Armstrong et al from Dundee attempt to answer this by looking at the productivity of junior staff in the ED. The measure they have chosen is number of patients seen per hour. It’s an interesting measure and I am sure that you will have your own views on whether it is a good one. You should read the whole paper to decide whether the introduction of F2s has in fact made a difference. On the evidence presented from Dundee there is a difference, but whether it accounts for changes to senior working practice is up for debate … read it and see what you think (see page 725).
Take a punt on the BETs
This months BETs are a mixed bag. It looks as though ultrasound may help us determine intracranial pressure in the resus room—perhaps another key skill for the many budding emergency ultrasonographers out there. Controversially we find that CRP is not a good rule-out test for septic arthritis and that omperazole really does not make a difference in acute GI bleeds, but I’ll BET that many of you (and I) use in practice. Finally, the answer to a real problem in the resus room: when should you perform an emergent caesarian section? I suggest that you read the BET and find out (I’ll give you a clue though—it’s probably more often than you thought) (see page 764).
Pause for PAWS
Early warning scores are increasingly used as an adjunct to triage in the emergency department setting. Simple scores that can identify and track physiological derangement in ED patients have obvious benefits and they have received much attention in adult emergency medicine. For children the situation is somewhat more complex. We all know that children are different from adults (though controversially I’ve always said the similarities outweigh the differences), but to compound matters they come in different ages and sizes as well. Still, such complexities are merely challenges that can be overcome by sound research. Edgell et al have tackled this problem by looking at patients admitted to ICU and comparing them with patients admitted to the general paediatric ward. Using a score devised by themselves, the PAWS score, they quote a sensitivity of 70% and a specificity of 90%. Now is that good enough for our practice, could it be used in practice and is this the right type of study to answer those questions? Clearly you need to read and decide for yourself, though whatever you decide the topic is clearly worthy of thought, debate and continuing study (see page 745).
Do inappropriate patients still exist in ophthalmological specific emergency departments?

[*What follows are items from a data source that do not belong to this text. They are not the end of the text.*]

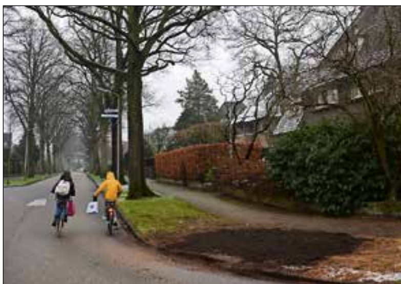
■ Oude boom is weggehaald.

De partij wil de komende tijd meer inzetten op biodiversiteit. Ook deze bomen vervullen volgens de partij een belangrijke rol voor het leven van bijvoorbeeld eekhoorns en uilen in de buurt. Marten Balzar legt uit: "Het takken- en bladerrijk hoog boven de grond is zeer belangrijk in combinatie met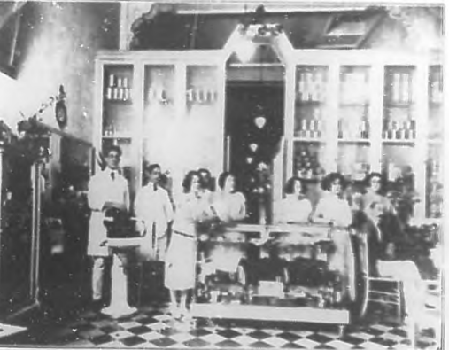
En el salón de ventas de la acreditada Academia de Belleza de la G... se ve un grupo del competente personal que atiende con sumo a... a la numerosa y selecta clientela que de continuo afluye al bien montado y muy bien situado establecimiento.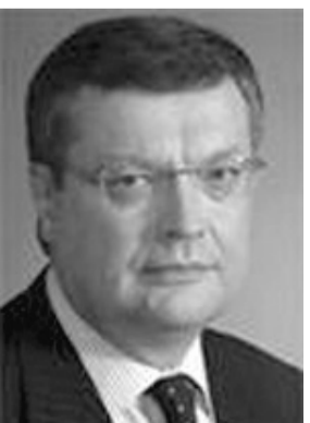
Міністр закордонних справ України ГРИЩЕНКО Костянтин Іванович ЄВРЕЙ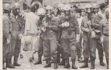
... und ausserdem: Gelegentlich haben auch zufällige Passanten Überlebenschancen.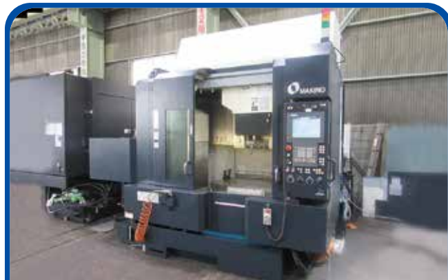
立形マシニングセンタ(牧野フライス) (大阪) 2014年 V56i 電源 Pro5 1680万円 税込1848万円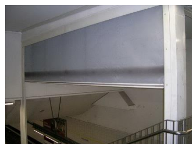
Cortina cortafuegos con guías laterales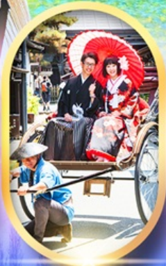
เมืองเก่าทาคายาม่า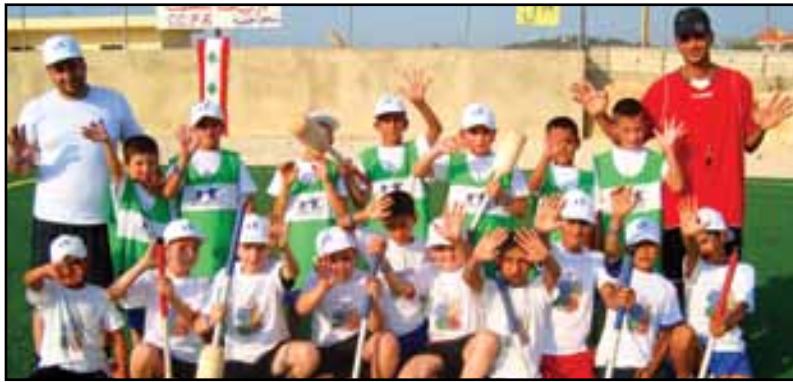
الاطفال المشاركين في مخيم عكار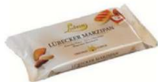
מרציפן אריזה קמעונאית מארז 15 יחידות של 200 גרם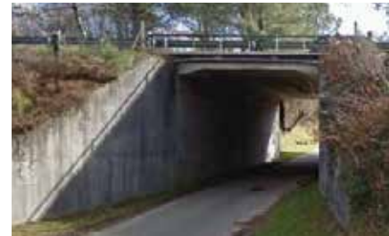
Pont du Chemin de l'Escourtille avant travaux.

Le pont du Chemin d'Escourtille , situé sur la commune de Saint Geours de Maremne, va être élargi de part et d'autre du pont existant.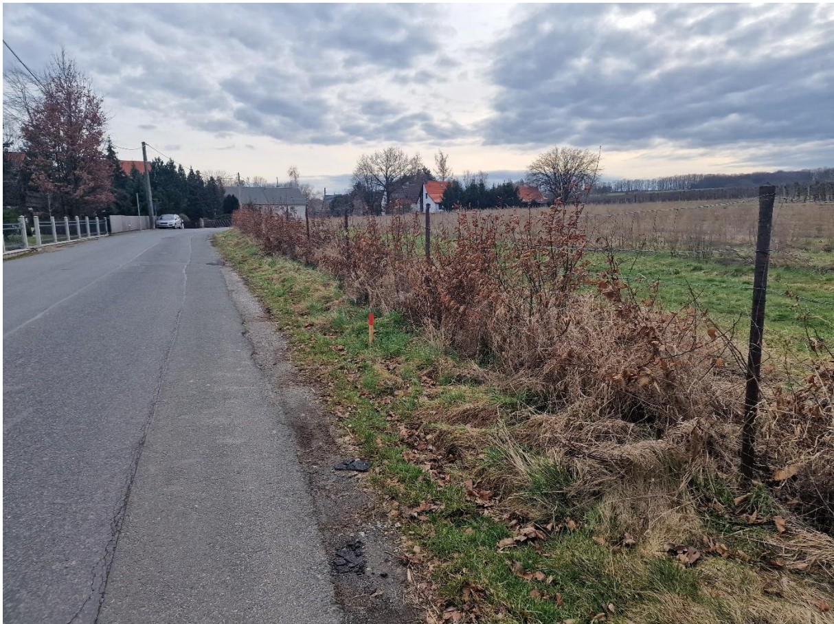
Abb. 3: Blick von Norden auf das Plangebiet,

Der Geltungsbereich des Bebauungsplanes liegt am nördlichen Rand der Ortslage Sürßen. Das Plangebiet grenzt im Norden und Westen an eine Obstplantage an. Im Osten grenzt das Plangebiet an die Kreisstraße und straßenbegleitende einreihige Mischbebauung auf der gegenüberliegenden Straßenseite an. Am nördlichen Ende des Plangebietes befindet sich auf der gegenüberliegenden Straßenseite eine Kindertageseinrichtung (KiTA).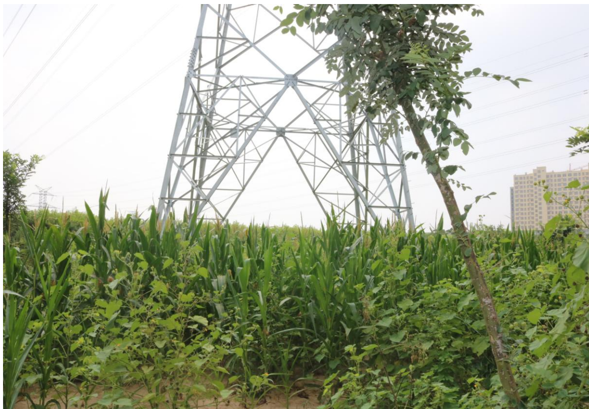
衡水—衡水牵引站 3 号塔基（2018 年 7 月）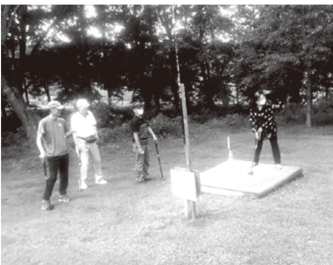
合同レクでパークゴルフをするグループ

令和5年9月8日、天候は曇りながらレク日和、参加会員は50名、会場は恒例となっている岩手県洋野町大野にある「おおのキャンパス」です。午前中は、牧場に隣接の広々としたパークゴルフ場で日頃の運動不足の解消を兼ねてのプレイ、趣味の木工作品づくり、入浴施設でのんびりとリラックスタイムを過ごす皆さん等、あっとい間の2時間でした。お楽しみはメインイベントの昼食会、食事には少々のアルコールも出され、話が弾み更にカラオケが加わり帰路の時間ぎりぎりまで賑やかな親睦の一時を過ごしました。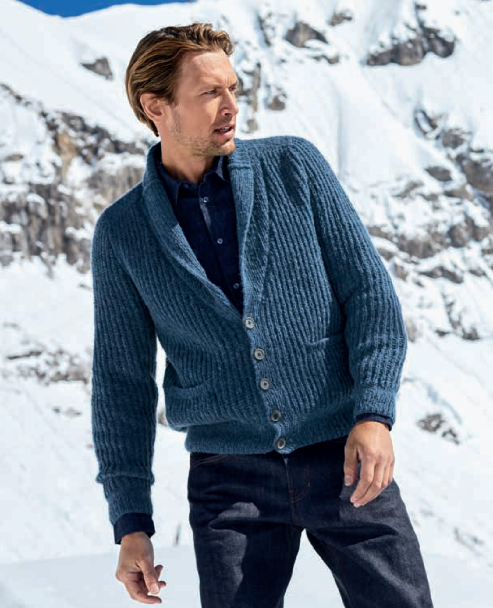
Cool Air Fine 05 | 06 Slow Wool Canapa (hand dyed) & Slow Wool Canapa

Patentgestrickt und mit schmalem Schalkragen ist diese klassische Strickjacke mit schickem Hemd darunter durchaus in der Lage, es in die Chefetage zu schaffen, zumindest an Casual Fridays, sodass man nach Büroschluss ohne Verzögerung in die Berge düsen kann.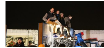
Treffen am „Platz des 9. November“ an der Bösebrücke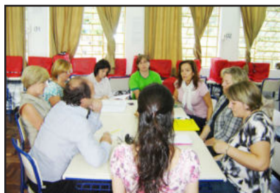
Encontro debateu melhores condições para a Educação

A reunião foi relevante, pois foram retomados assuntos pendentes, reafirmando-se o compromisso do Estado e Município na busca de condições adequadas para elevar os índices de aprendizagem dos educandos do Município.

Hau et al provide an interesting look at patients presenting to Moorfields Eye Hospital in London. The perspective of the study is to see if their patients are “inappropriate” attendees and then to consider how this group can be reduced. I must admit to some concern at that term, as “inappropriate” rather depends on the outlook of the observer as opposed to the perspective of the patient. The authors’ vision seems to be that of a department where the vast majority of patients attending will have acute conditions that require urgent management. Sadly, I think this will be difficult as Moorfields is known to many as a centre of excellence, it is open to all, is in central London and has long opening hours. I have always said that, generally speaking, patients are not daft and they vote with their feet, attending when they feel the need or when no alternatives are available; this is perhaps a case of “build it and they will come” as someone once said. So, the observation that some patients could attend alternative services will surprise few emergency physicians, though this glimpse of our ophthalmological colleagues’ experiences is useful. Fellow clinicians will no doubt have a view on the different pathologies presenting to the eye specific ED as compared to a general ED and will give some insight into what it must be like to work there (see page 740).